水平章看着光头强他们,如仆人般的将他姑娘抬向了李不易,
心情还真是来回反转,反复横跳。
好在有惊无险!若不是李不易出头,
他恐怕连哭的地方都找不到,所以,他不由得打起了李不易的主意。
“这个大腿,可要死死的抱住了!”
——
当李不易被水平章恭敬的送回18号时,拒绝了水平章死乞白赖的家宴,以及光头强赔礼道歉的酒席。
因为……
“噗嗤~”
他强忍着心口的沉闷,来到院子里的卫生间,一口老血猛然喷了出来。
是旧疾复发?还是蛊毒攻心?
李不易也不明白!平常小打小闹的调动真气倒觉得没什么,
可一但如刚刚一拳轰断杏树那般,便会真气乱蹿,气血上涌!
他以为是修练的功法问题,
毕竟拜师“盗花门”的他,还是十分清楚,
本门基本功,被祖师爷融入了欲蛊的副作用的。
只是他想不明白,当初开山立派的老祖宗为什么这么干!
更不知道那些前辈们,是怎么化解或者压制这副作用的?
若他师父尚在,或许能解答一二。
只可惜,十年前为了保全他独活下来,与那些所谓的名门正派,鏖战了三天三夜!
最终寡不敌众,命殒哀兰山下!
最可恨的就是湘水“正阴教”的掌门,
那个风骚无比的娘们,居然背后偷袭!
并且还让她教中的圣女,不惜破身的给自己提前诱发了欲蛊,
为了就是破了他纯真的心境,从此迈不过欲蛊这道坎!
“唉!看来破了身才是问题所在。”
想到此,李不易心头的仇恨,
又增加了几分,可惜,孤家寡人的他,如何杀上哀兰山?为师父报仇雪恨!
又如何狠狠地折腾,
当初与他浴血交融的圣女?
所以,祖师爷开教以来,一统八大教的夙愿,在他这一代,可能要胎死腹中了。
“是不是那个圣女额外给我动了手脚?”
“又或者一但破了身,
就不能在修炼盗花门的功法?”
“可老前辈们,那些子子孙孙又该怎么说?”
“不易?”
“是不是你回来了?”
就在李不易心神紊乱,气血翻腾时。
辛玲却走出房门,来到院子里,轻声呼唤了起来……
“是我,小嫂子。”
李不易从卫生间走了出来,
脸色有些泛白!
辛玲温柔的看着他,觉得有些不对劲,忙关心的问道:“你是不是哪里不舒服?”
“怎么没精打采的?”
“没事,可能是被雨淋感冒了。

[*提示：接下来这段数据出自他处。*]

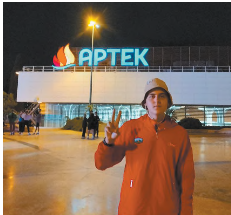
Я в «Артеке»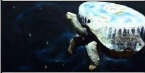
Figura simple – Fondo complejo

”
李不易糊弄了一句,辛玲却忙道:“有感冒药,我去拿给你?”
“不用,睡一会就好了!”
“哎哎?!”
说完,李不易便向他的房间走去,留下心情复杂的辛玲,冷诺了她渴望发展下去的小火苗。
辛玲觉得李不易,忽然跟变了个人似的,上午还……
“怎么出去一趟反差就如此大?是不是男人也和女人一样,每个月都有那么几天心情低落?”

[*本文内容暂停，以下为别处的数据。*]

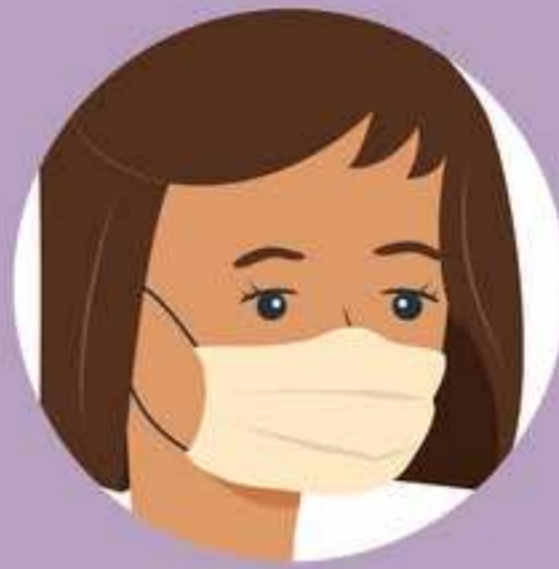
ပါးစပ်နှင့်နှာခေါင်းစည်းကို ကလေးများ၏ မျက်နှာပေါ်တွင် ဘေးနှစ်ဖက်စလုံးမှာ ကွာဟမနေစေရန် ချိန်ညှိပါ။

她想不明白,但又不好意思跟着李不易屁股后面问个所以然,
所以,身体几乎恢复的她,又哀愁的欣赏起了落日黄昏……
——
深夜。
今晚辛玲倒是很安静,李不易一觉醒来,已是三更半夜,状态恢复了许多。
可就在他平心静气、稳住心神,打坐在床头,参悟本门“盗花经”时……
“咚咚咚~”
却有人敲门!还是敲他的门。
声音虽然很轻,
但李不易神经却瞬间一紧!
他居然没有察觉到?
眼神一凝,猛然瞄向了门口的位置。
“是我。”
“是昨晚打扰到你们的那个我。”
听此,李不易将手中的绣花针,毫无声息的甩进了墙面,一脸黑线的下了床。
打开门后……
李不易见那美轮美奂的女子,
脸色有些气血不足,
冷问道:“就知道你会来,
没想到这么快就忍不住?!”
那女子听此,上下瞄了李不易一眼,
见他只穿着破了洞的黑裤头,脸上瞬间不自然起来。
“你能不能,能不能穿些衣服?”
“不能!”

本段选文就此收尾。